Conway, whose specialty is developmental biology and histology, earned his B.S. from the College of William & Mary and his Ph.D. from the University of Miami in Florida.
“We all know what kind of impact Art has had on the college and our students in so many positive ways—in a collegial manner to the department and in his leadership to the Honors Program, which he has directed for almost a decade,” said Provost Johnston. “His selfless service is characterized by his good will and cheerfulness, from which our Honors students feel a tangible sense of support and care. Congratulations, Art, on reaching this important milestone.”
Bruce King, Ph.D., joined the faculty at Randolph-Macon College in 1975. While at R-MC, King served on the committee on activities and special events, the scholarship and financial aid committee and for eight years on the teacher certification committee. He also served conducted scholarship for the Office of Admissions for 30 years. For many years he was involved as an evaluator and judge of high school research for the Virginia Junior Academy of Science and the Metro-Richmond Science Fair.

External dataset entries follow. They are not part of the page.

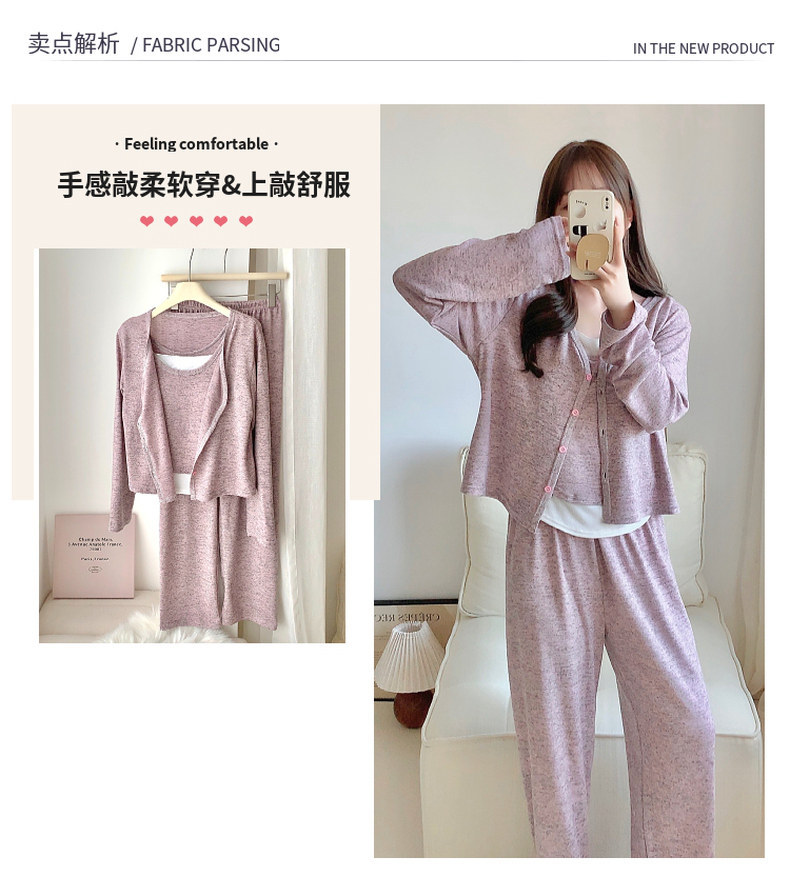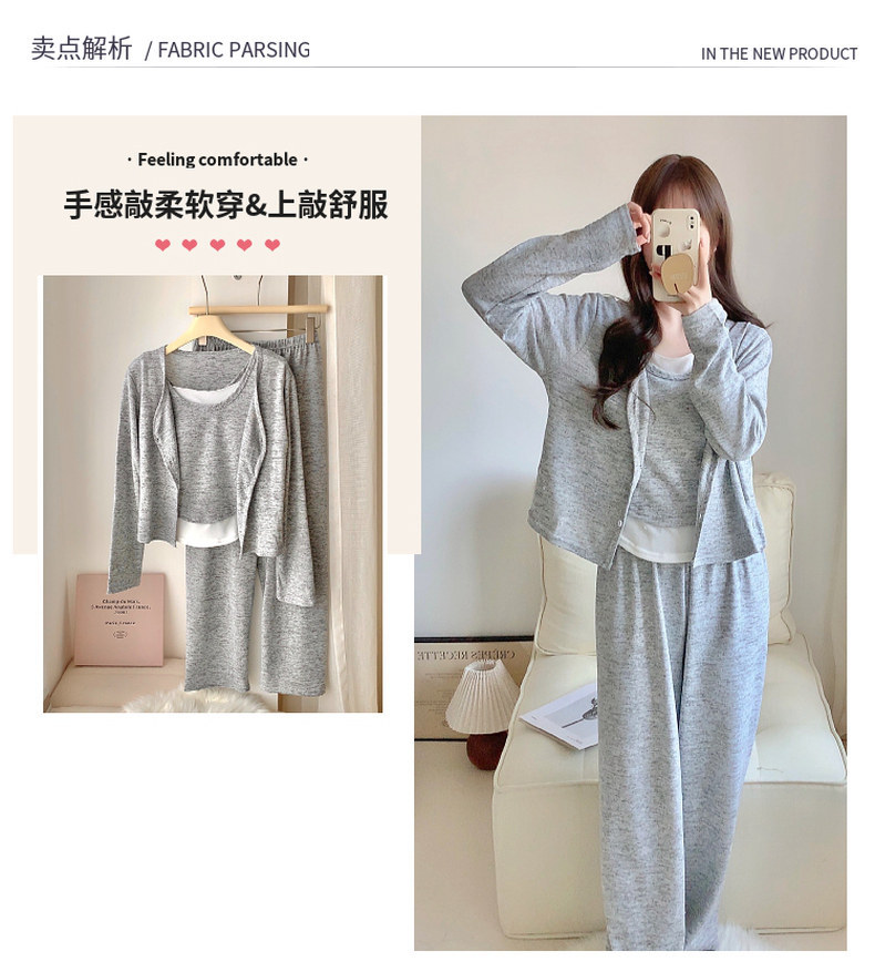 한국 스타일 Ins 스타일 파자마 여성 가을 및 겨울 샌딩 가슴 패드 슬링 긴 소매 바지 순수 3 피스 홈 의류스토어 가기
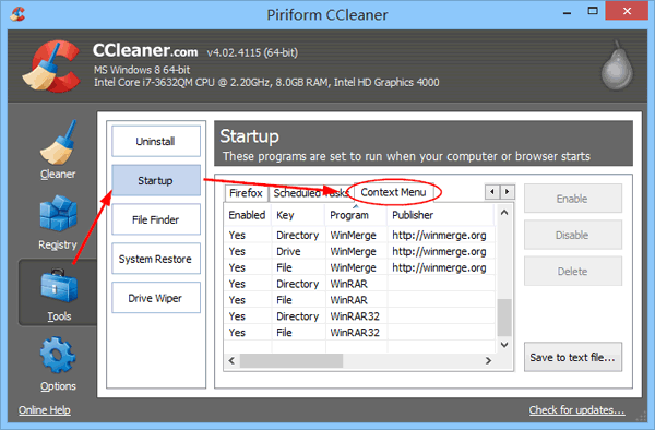 Rendez-vous sur le site Web de Piriform et téléchargez la version gratuite de CCleaner. Après avoir exécuté CCleaner, cliquez sur le boutonOutilssection sur le côté gauche. Sur le côté droit, cliquez surDémarrerpuis cliquez surMenu contextuel. À partir de là, vous pouvez désactiver ou supprimer toutes les extensions shell tierces.
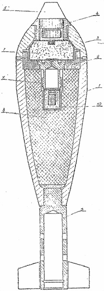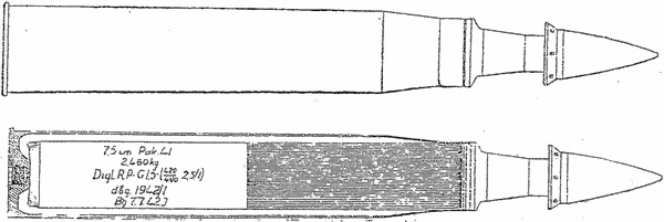 3) выемке в передней части разрывного заряда 75-мм снарядов придана коническая форма (75-мм снаряды кумулятивного действия старого образца имеют цилиндрическую выемку, заканчивающуюся в нижней части полусферой),
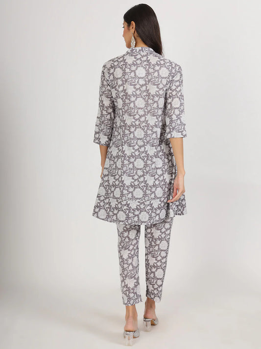 Grey Cotton Floral Print Ethnic Casual Co-ord Set

In 1988 and 1994 King received the Chenery Research Professorship, awarded to full-time members of a mathematical or natural science department to provide opportunities for conducting research. The award is named in honor of the late Dr. Alan J. Chenery Sr., a 1911 R-MC graduate who was a physician and member of the college’s board of trustees. King also received a Rashkind Family Foundation Grant and twice received grants from the Walter William Craigie Teaching Endowment. During his career he received teaching and research grants from the National Science Foundation and the Thomas F. Jeffress Foundation.
King earned his B.S. in biology from the University of Southern Mississippi and his M.S. and Ph.D. degrees in botany from the University of Georgia.
“Bruce taught ecology, plant taxonomy, bioethics, field and lab methods, biosystematics, cell biology, heredity, and genetics and developmental biology, along with, of course, our introductory courses in the biology department, always with an expertise and insightful knowledge that our students recognize and appreciate,” said Provost Johnston. “That knowledge not only broadly applied across these many topics in the field, it is also at the highest levels of research. Bruce, we’re proud of your work and feel blessed to have had you alongside us over these three decades at R-MC. Congratulations to you for such a marvelous career.” “Each of these professors has helped to shape the lives of generations of students over the years,” said Lindgren. “They have served as mentors and role models and we will always be grateful for their outstanding contributions.”
Edmonia Iverson (campus safety)
Edmonia Iverson, (who was unable to attend the reception), retired after 24 years of service to R-MC as a communications officer in the Campus Safety office. Iverson was a solid fixture at Randolph -Macon College and known for her dedication to her faith, family and the success of R-MC. Iverson also served her community in a number of capacities. She has been a member of the Hanover County Planning Commission since 1988 representing the Beaverdam district and is an active member of her church.